◆ DIRECTIONS FOR THIS TASK ◆
Write out the data that follows exactly, keeping every picture out.

◆ DATASET SECTION ◆
BEGIN

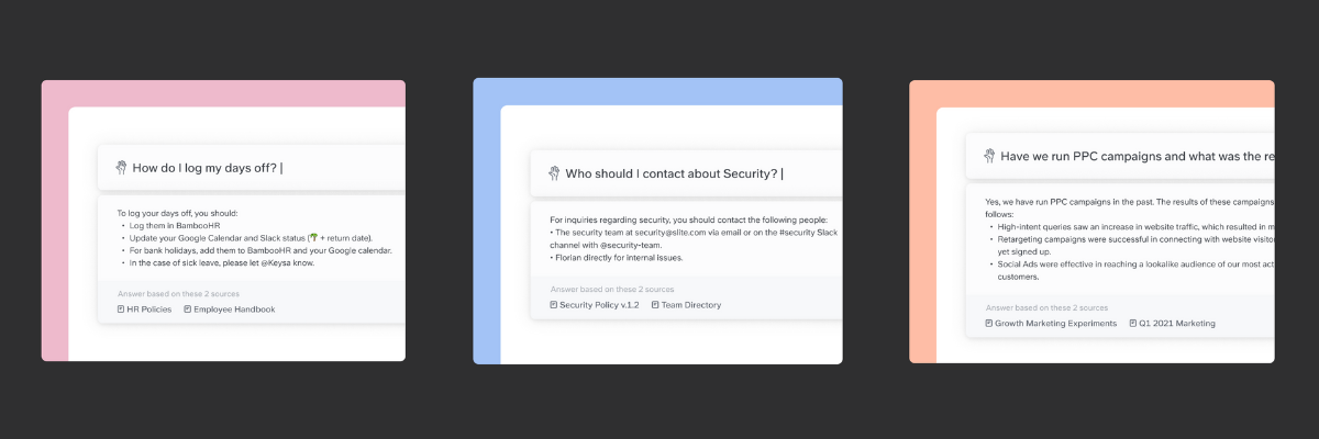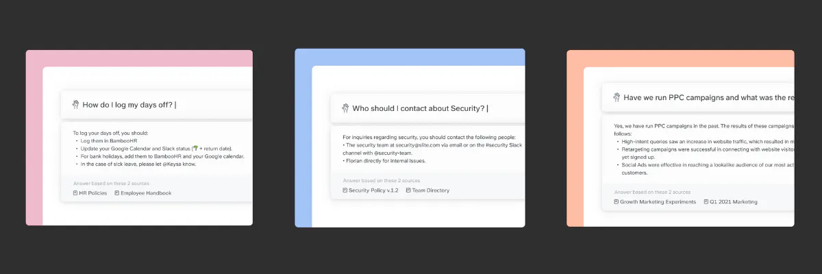 - Ask by Slite answers questions based on existing team documentation to streamline finding information and onboarding.
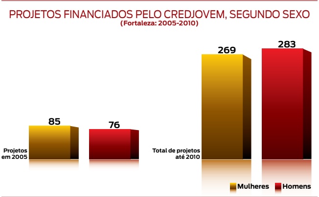 Incentivar a criatividade dos jovens também dá frutos econômicos. Por intermédio da concessão de empréstimos, centenas de jovens estão transformando sua criatividade em trabalho e renda. O programa CredJovem financia o desenvolvimento de empreendimentos solidários geridos por jovens. Além do crédito, o programa oferece capacitação, acompanhamento e consultoria. Parte do empréstimo (60%) é devolvida, sem o acréscimo de juros, para manter o fundo rotativo que financia novos jovens beneficiados. Para participar, os jovens, além de terem entre 18 e 29 anos, devem apresentar propostas com pelo menos dois integrantes, que tenham cursado pelo menos 50% de sua vida escolar em escola pública. Ao todo, o CredJovem beneficiou 354 jovens do sexo feminino e 359 do sexo masculino, totalizando 713 beneficiados. Entre 2005 e 2010, foram criados 391 novos empreendimentos pelos jovens de Fortaleza.
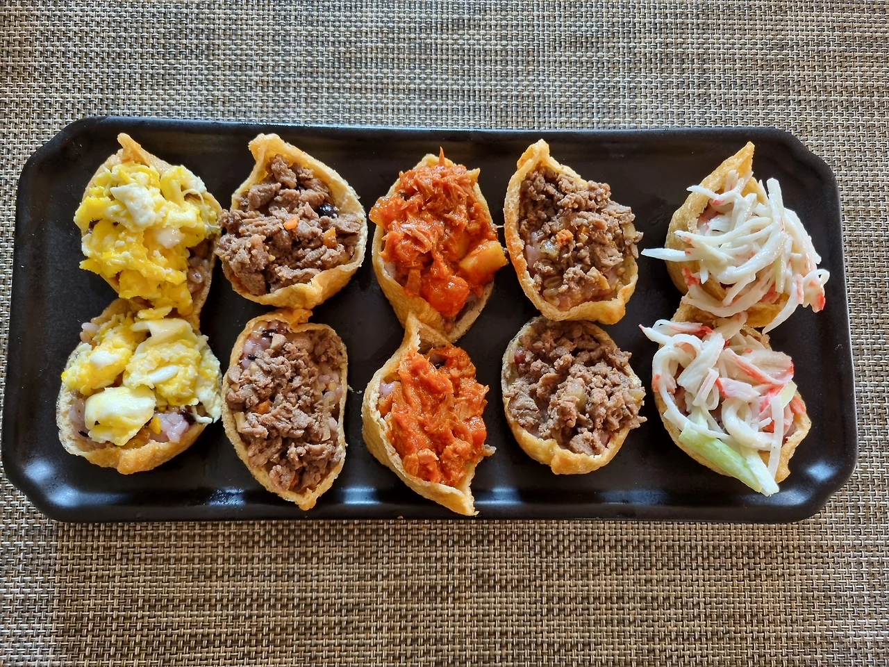 예전에 엄마가 쓰던 방법은 불고기 다진 거나 볶음밥 재료를 밥에 섞어서 넣는 거였는데 그렇게 해도 물론 맛있지. 그런데 요즘 백화점 지하 코너나 시중에서 여러 가지 토핑을 올린 유부초밥을 파는데 반응이 좋더라. 우리도 식당처럼 구하기 힘든 토핑 재료는 못 쓰겠지만 단백질을 보충할 수 있는 간단한 재료를 토핑으로 올리는 유부초밥을 한번 만들어보자.

END

◆ ANSWER TO THIS PROBLEM ◆
 - Ask by Slite answers questions based on existing team documentation to streamline finding information and onboarding.
 Incentivar a criatividade dos jovens também dá frutos econômicos. Por intermédio da concessão de empréstimos, centenas de jovens estão transformando sua criatividade em trabalho e renda. O programa CredJovem financia o desenvolvimento de empreendimentos solidários geridos por jovens. Além do crédito, o programa oferece capacitação, acompanhamento e consultoria. Parte do empréstimo (60%) é devolvida, sem o acréscimo de juros, para manter o fundo rotativo que financia novos jovens beneficiados. Para participar, os jovens, além de terem entre 18 e 29 anos, devem apresentar propostas com pelo menos dois integrantes, que tenham cursado pelo menos 50% de sua vida escolar em escola pública. Ao todo, o CredJovem beneficiou 354 jovens do sexo feminino e 359 do sexo masculino, totalizando 713 beneficiados. Entre 2005 e 2010, foram criados 391 novos empreendimentos pelos jovens de Fortaleza.
 예전에 엄마가 쓰던 방법은 불고기 다진 거나 볶음밥 재료를 밥에 섞어서 넣는 거였는데 그렇게 해도 물론 맛있지. 그런데 요즘 백화점 지하 코너나 시중에서 여러 가지 토핑을 올린 유부초밥을 파는데 반응이 좋더라. 우리도 식당처럼 구하기 힘든 토핑 재료는 못 쓰겠지만 단백질을 보충할 수 있는 간단한 재료를 토핑으로 올리는 유부초밥을 한번 만들어보자.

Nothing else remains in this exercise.